Here in this repository we will classify the News data using UNIVERSAL SENTENCE embedings approach Question classification task and data preprocessing To respond correctly to a question given a large collection of texts, classifying questions into fine-grained classes is crucial in question answering as a retrieval task. Our goal is to categorize questions into different semantic classes that impose constraints on potential answers so that they can be utilized in later stages of the question answering process. For example, when considering the question Q: What Canadian city has the largest population?

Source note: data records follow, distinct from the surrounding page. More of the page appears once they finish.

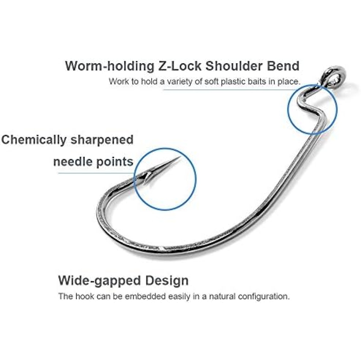 ►Wide-gapped Design — So worms of different sizes can be used and the hook can be embedded easily in a natural configuration. Wide bend reduces the chance of fish throwing the hook.
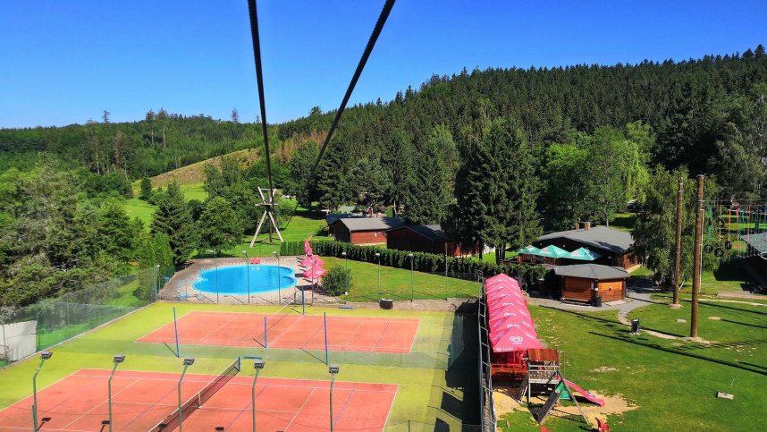 The site offers a restaurant with an outdoor terrace, offering a wide range of food, and evening entertainment is held here during the high season. There is also a wellness centre with artificial salt caves, a water world and a massage room. A wide range of sporting activities is available on site, including a ropes course and a 23-meter climbing tower, Archery, Paintballing, and Multisport courts where team games can be held. Escape rooms are also available to hire, and marked cycling and hiking trails direct from the site.
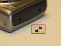 Remove the two fine thread screws on the top of the keypad. Then remove the one coarse thread screw holding the plastic piece in place on the side of the camera. Remove the plastic piece.
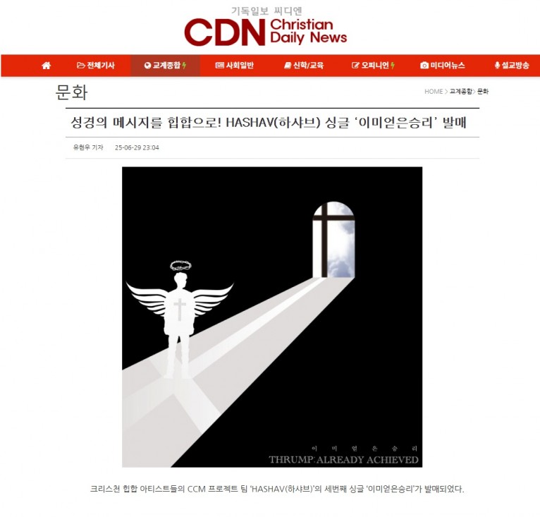 [기사] 성경의 메시지를 힙합으로! HASHAV(하샤브) 싱글 ‘이미얻은승리’ 발매(기독일보 씨디엔)
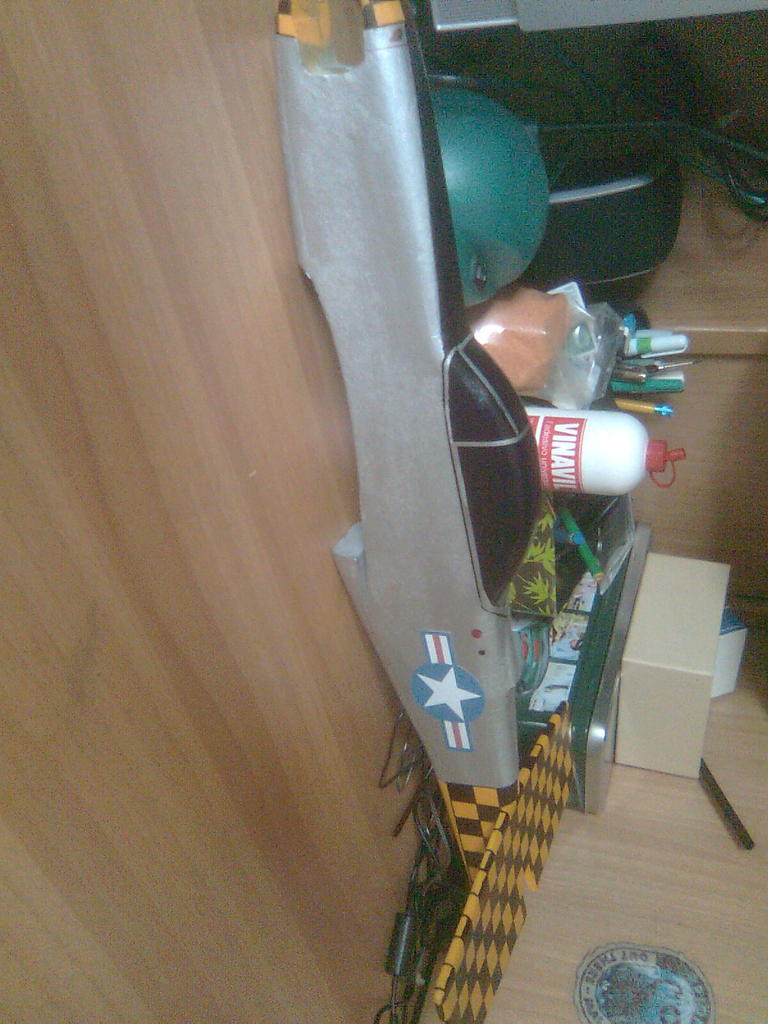 ormai utilizzo i vecchi e fidati spry della tamya...costano un occhio della testa ma un risultato(sopratutto questo argento) da paura!!! con una bomboletta cho fatto il sopra dell ala e tutta la fusoliera... nella prima foto ho iniziato la mascheratura per la cappottina ed una decorazione sulla parte avanzata del muso...ciaoooooooooo ps:penso ormai che entro questa settimana si collauda...

The hope is to classify this question as having answer type location, implying that only candidate answers that are locations need consideration.
The dataset we use is the TREC Question Classification dataset, There are entirely 5452 training and 500 test samples, that is 5452 + 500 questions each categorized into one of the six labels.
ABBR - 'abbreviation': expression abbreviated, etc. DESC - 'description and abstract concepts': manner of an action, description of sth. etc. ENTY - 'entities': animals, colors, events, food, etc. HUM - 'human beings': a group or organization of persons, an individual, etc. LOC - 'locations': cities, countries, etc. NUM - 'numeric values': postcodes, dates, speed,temperature, etc We want our model to be a multiclass classification model that takes strings as input and output probability for each of the 6 class labels. With this in mind, you know how to prepare the training and testing data for it.